* Task to carry out: Every entry below should be restated word for word, except for its images.

>>>

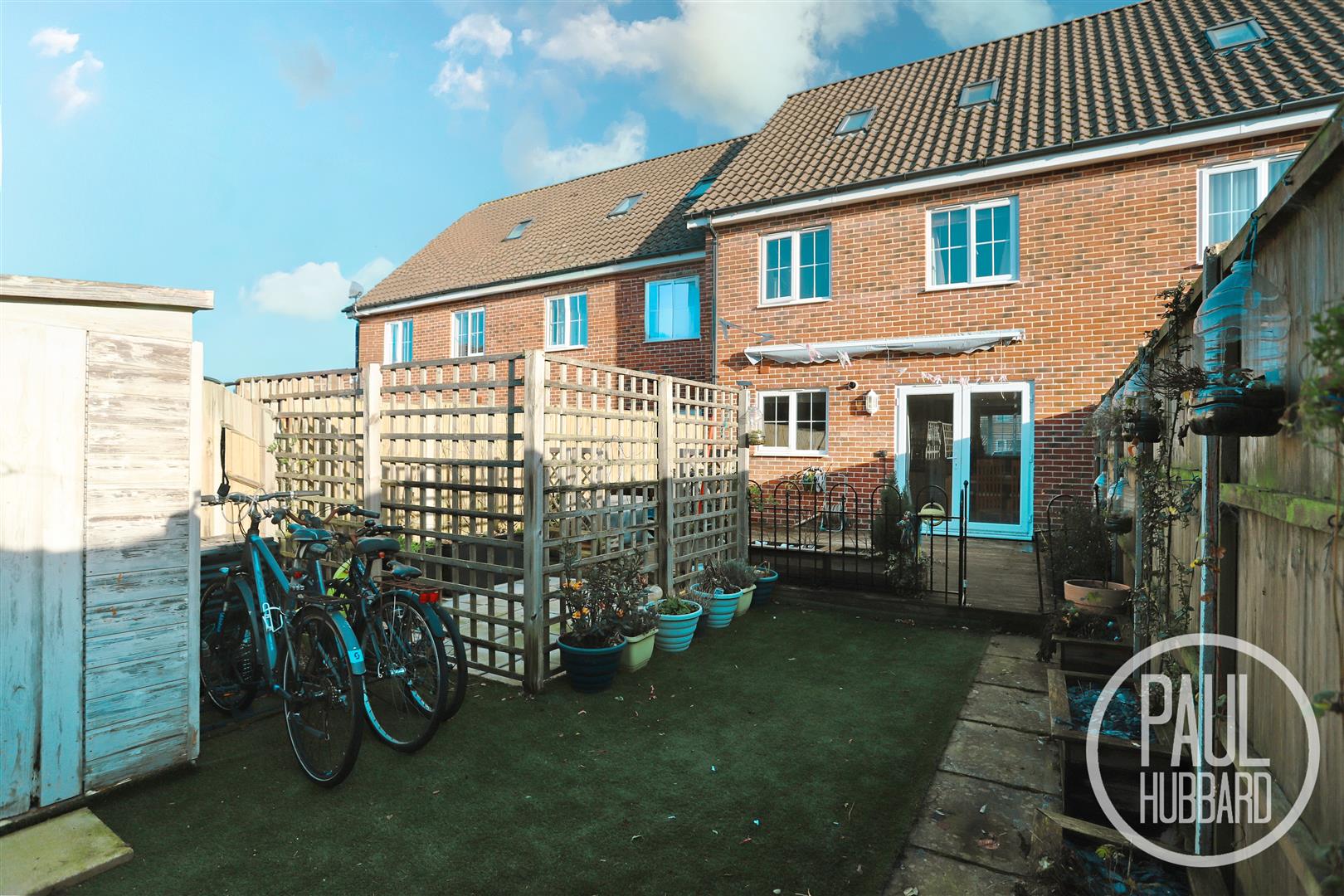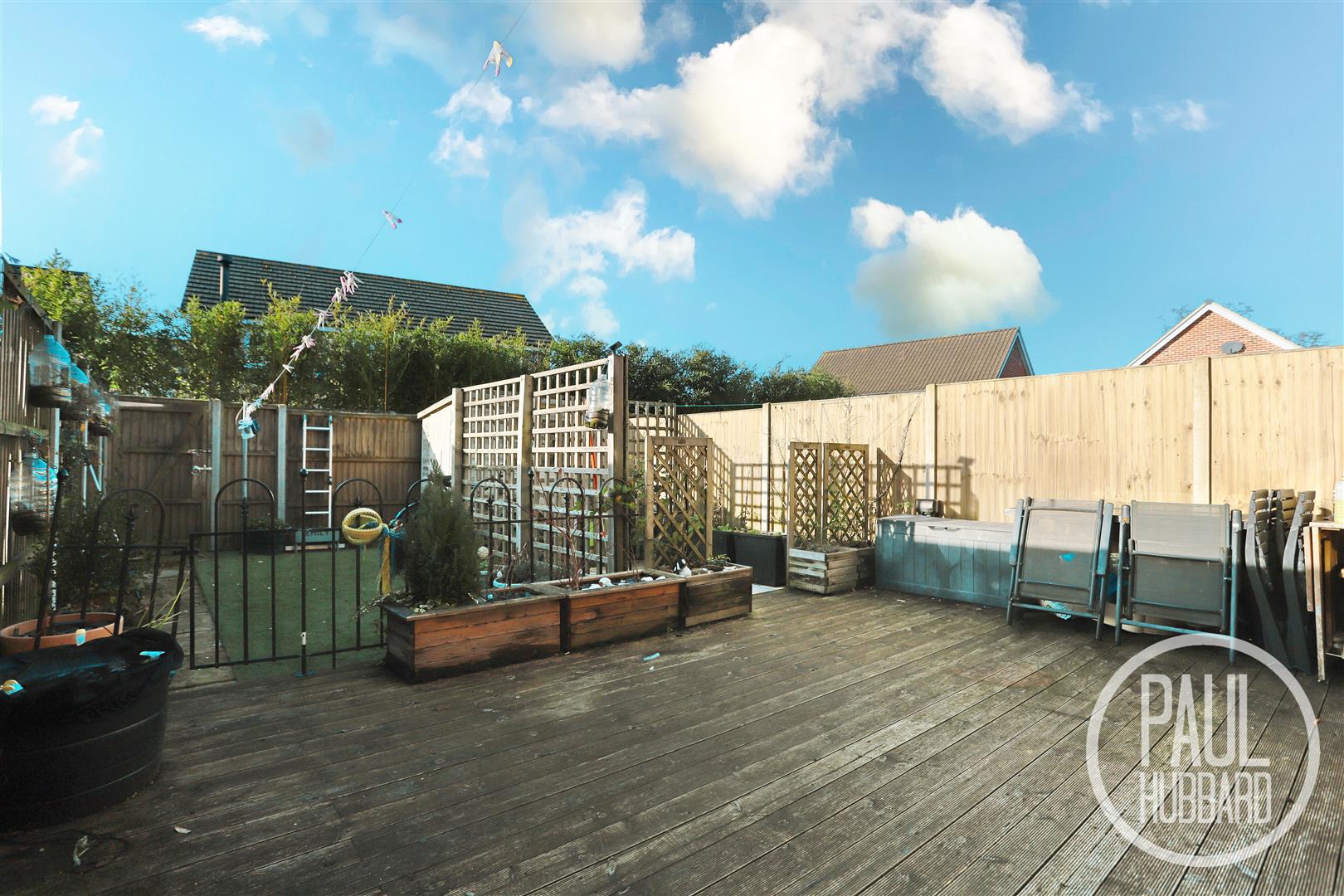 The south-west facing rear garden is designed for low maintenance, featuring an artificial lawn, decking and patio areas, a built-in awning over the decking, outdoor tap, power socket, and lighting. The garden is fully enclosed by panel fencing and benefits from gated rear access.
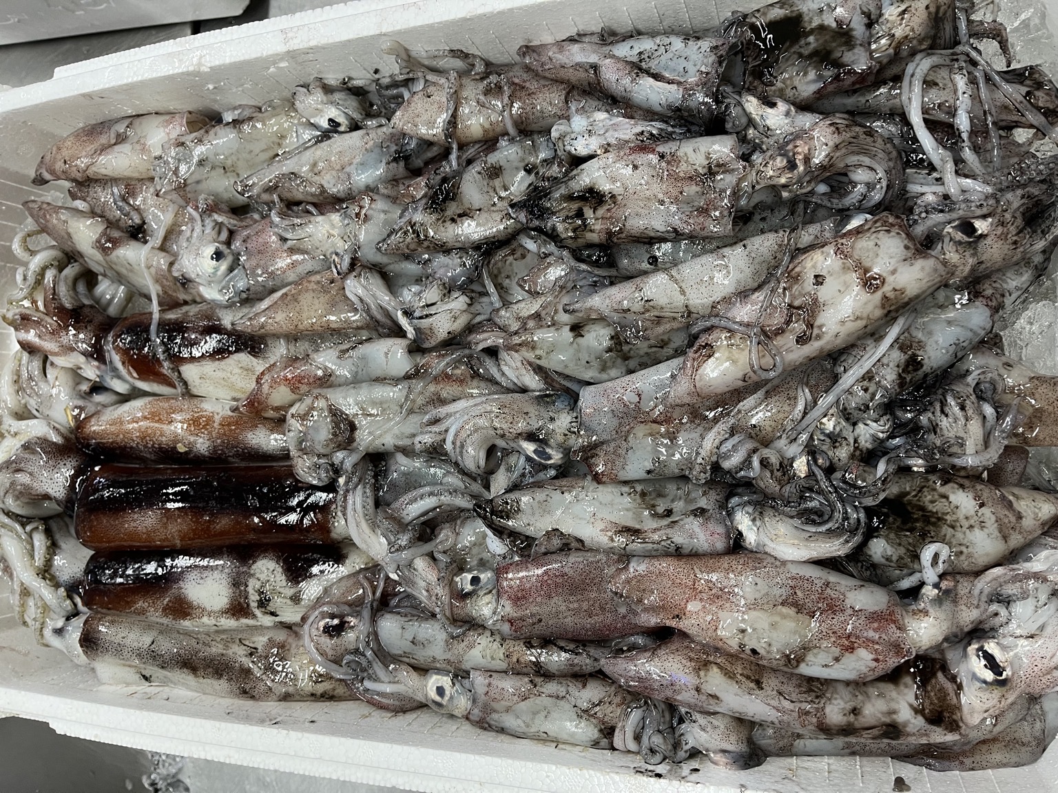 底曳網で水揚げされました。 色目良いですが明日出荷の為色目落ちます。 ケンサキイカ58尾3.6k スルメ5尾1.4k
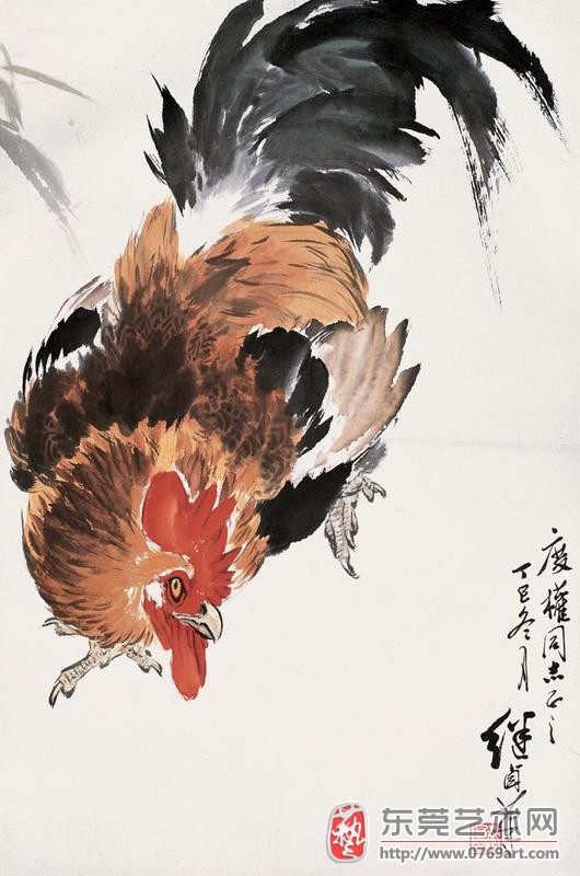 石鲁先生原名冯亚衍,四川仁寿人,慕石涛、鲁迅之品格,因以石鲁为号。先生生于一九一九年,冯氏初为邑里故族。辛亥鼎革,家世破落而余韵犹丰,科举废除而诗书尚存。先生聪颖好学,自幼熟读经书。余学三年,随兄赴锦城入《东方美专》习中国画。旧科新学,良修杂芜,国运不兴,烽烟四起,杂言群出,触蛮相竟,重技轻文,宣法抑道。于先生之正气布下了无名火,亦为先生之画道植下了谬误根。学成归执教乡里。越明年,先生弱冠,感国乱、伤时事,愤污吏,怜子民,于是孑然一身,登自行车越巴山,穿秦岭,由川入陕,辗转至晋而赴延安。于旧作中曾有[足踏日月促双轮,投笔从戎万里征]之句,即谓先生此举也。
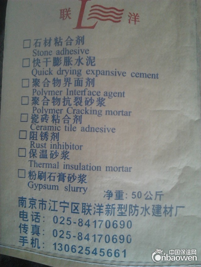 陶瓷墙地砖粘合剂为单包装粉粒状料。用编织(塑料薄膜衬内)包装,每袋50公斤或20公斤,本剂有效期一年。
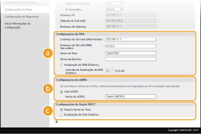 O DNS (Domain Name System) disponibiliza um serviço de resolução de nomes que associa um nome de anfitrião (ou domínio) a um endereço IP. Configure as definições de DNS, mDNS ou DHCP conforme necessário. Tenha em atenção que os procedimentos de configuração de DNS são diferentes para IPv4 e IPv6.
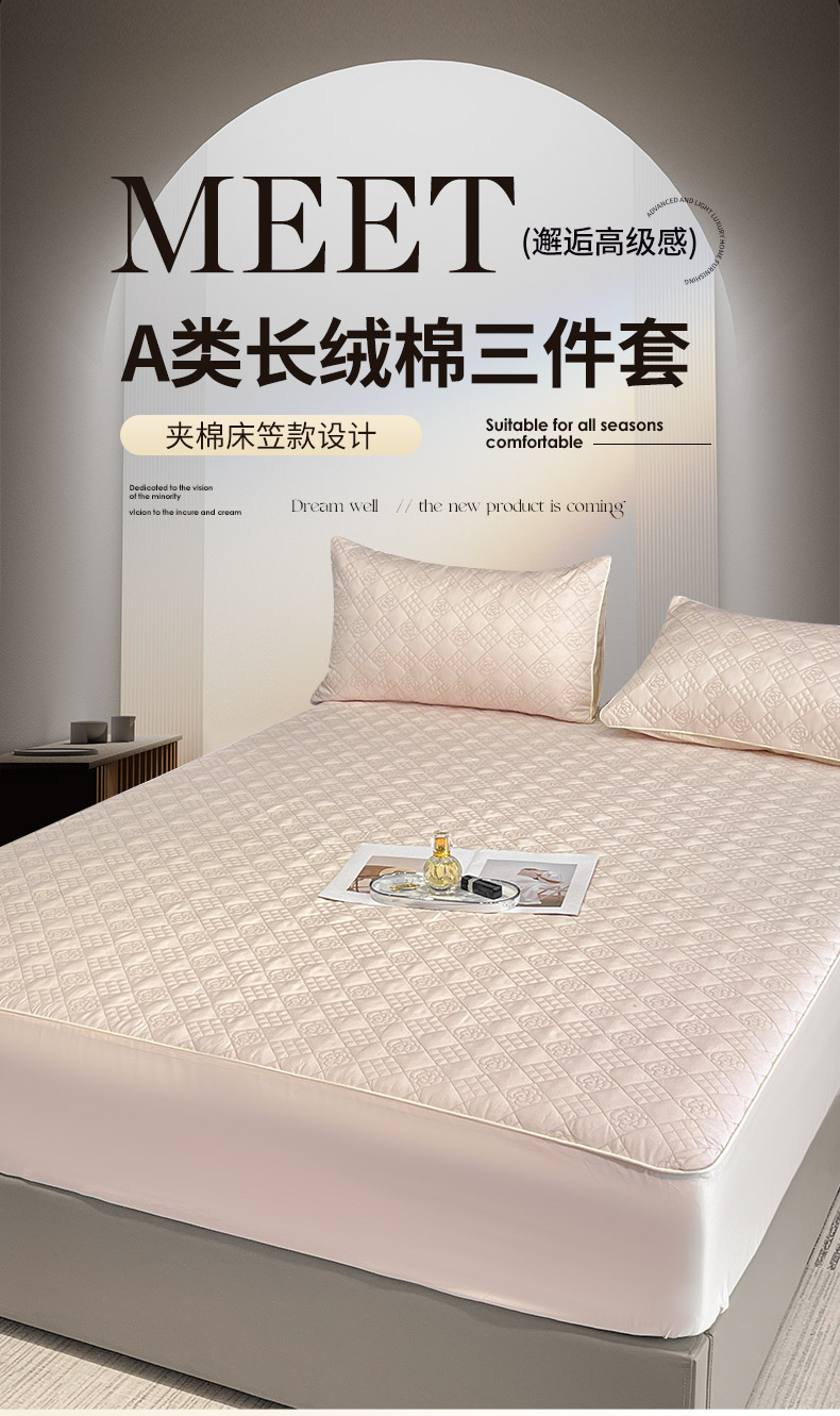 2025A类母婴级长绒棉夹棉床笠三件套纯棉全棉加厚席梦思床罩床套四季款保护罩 颜粉
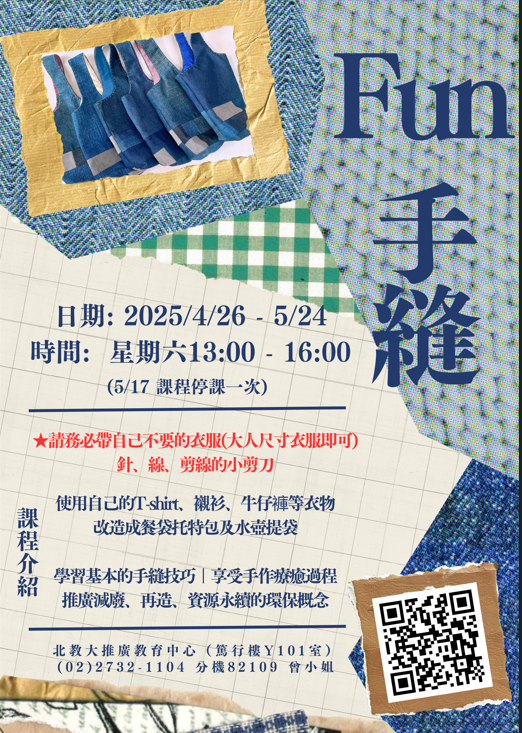 課程相關報名網址如下:Fun手縫(HandMay五月 場) https://cce.ntue.edu.tw/course/5629。
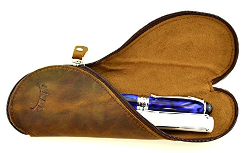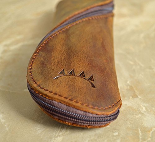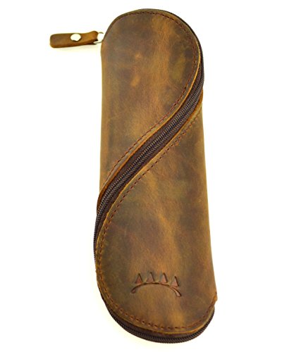 Genuine Leather Pen & Pencil Case with Zipper Close by Timber Ridge (Brown)

<<<

* Answer section:
 The south-west facing rear garden is designed for low maintenance, featuring an artificial lawn, decking and patio areas, a built-in awning over the decking, outdoor tap, power socket, and lighting. The garden is fully enclosed by panel fencing and benefits from gated rear access.
 底曳網で水揚げされました。 色目良いですが明日出荷の為色目落ちます。 ケンサキイカ58尾3.6k スルメ5尾1.4k
 石鲁先生原名冯亚衍,四川仁寿人,慕石涛、鲁迅之品格,因以石鲁为号。先生生于一九一九年,冯氏初为邑里故族。辛亥鼎革,家世破落而余韵犹丰,科举废除而诗书尚存。先生聪颖好学,自幼熟读经书。余学三年,随兄赴锦城入《东方美专》习中国画。旧科新学,良修杂芜,国运不兴,烽烟四起,杂言群出,触蛮相竟,重技轻文,宣法抑道。于先生之正气布下了无名火,亦为先生之画道植下了谬误根。学成归执教乡里。越明年,先生弱冠,感国乱、伤时事,愤污吏,怜子民,于是孑然一身,登自行车越巴山,穿秦岭,由川入陕,辗转至晋而赴延安。于旧作中曾有[足踏日月促双轮,投笔从戎万里征]之句,即谓先生此举也。
 陶瓷墙地砖粘合剂为单包装粉粒状料。用编织(塑料薄膜衬内)包装,每袋50公斤或20公斤,本剂有效期一年。
 O DNS (Domain Name System) disponibiliza um serviço de resolução de nomes que associa um nome de anfitrião (ou domínio) a um endereço IP. Configure as definições de DNS, mDNS ou DHCP conforme necessário. Tenha em atenção que os procedimentos de configuração de DNS são diferentes para IPv4 e IPv6.
 2025A类母婴级长绒棉夹棉床笠三件套纯棉全棉加厚席梦思床罩床套四季款保护罩 颜粉
 課程相關報名網址如下:Fun手縫(HandMay五月 場) https://cce.ntue.edu.tw/course/5629。
 Genuine Leather Pen & Pencil Case with Zipper Close by Timber Ridge (Brown)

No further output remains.